Using the listing below, please print exactly the lines from the one with "便器をタンクレスにしたことで" through the one with "经过小组赛和半决赛的比拼,匈". Leave out every picture.

● RECORDS SHOWN
******************************

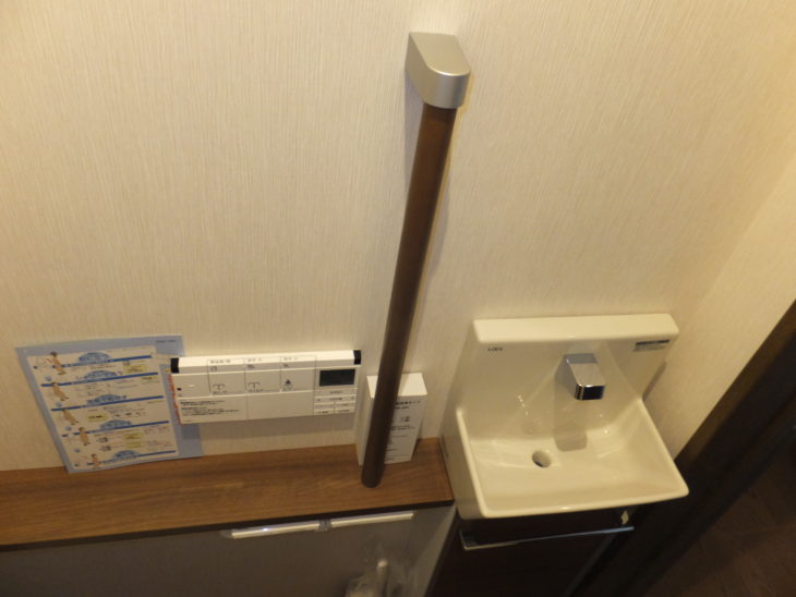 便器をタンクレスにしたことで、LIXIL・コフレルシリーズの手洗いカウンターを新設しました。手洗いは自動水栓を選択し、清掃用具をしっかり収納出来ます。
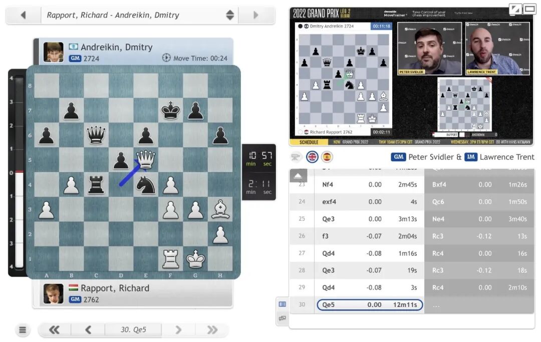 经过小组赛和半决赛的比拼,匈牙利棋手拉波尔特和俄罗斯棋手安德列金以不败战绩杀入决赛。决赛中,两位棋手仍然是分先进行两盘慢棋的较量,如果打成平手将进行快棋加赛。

******************************

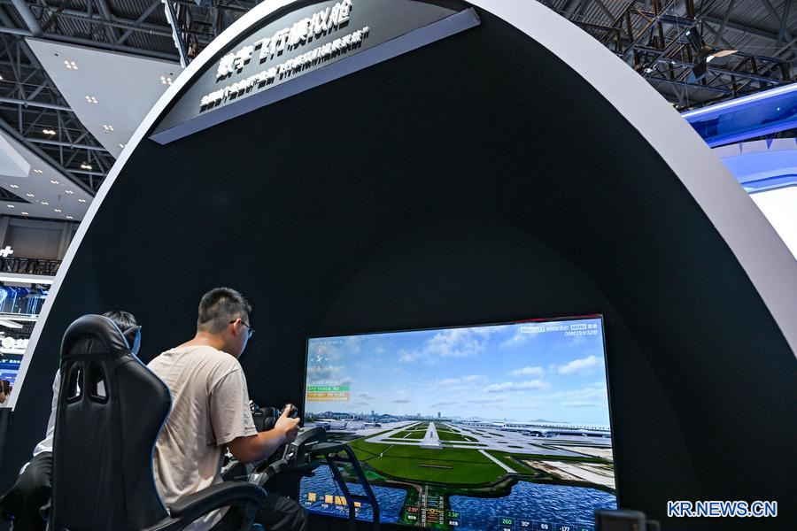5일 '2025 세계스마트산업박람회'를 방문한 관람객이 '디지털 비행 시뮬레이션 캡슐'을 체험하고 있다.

******************************

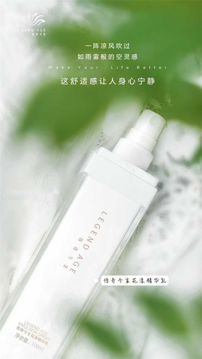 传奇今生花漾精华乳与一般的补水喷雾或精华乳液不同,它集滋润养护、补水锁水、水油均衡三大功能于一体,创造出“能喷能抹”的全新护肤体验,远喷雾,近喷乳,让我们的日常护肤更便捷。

******************************

● FINISHED EXERCISE
 便器をタンクレスにしたことで、LIXIL・コフレルシリーズの手洗いカウンターを新設しました。手洗いは自動水栓を選択し、清掃用具をしっかり収納出来ます。
 经过小组赛和半决赛的比拼,匈牙利棋手拉波尔特和俄罗斯棋手安德列金以不败战绩杀入决赛。决赛中,两位棋手仍然是分先进行两盘慢棋的较量,如果打成平手将进行快棋加赛。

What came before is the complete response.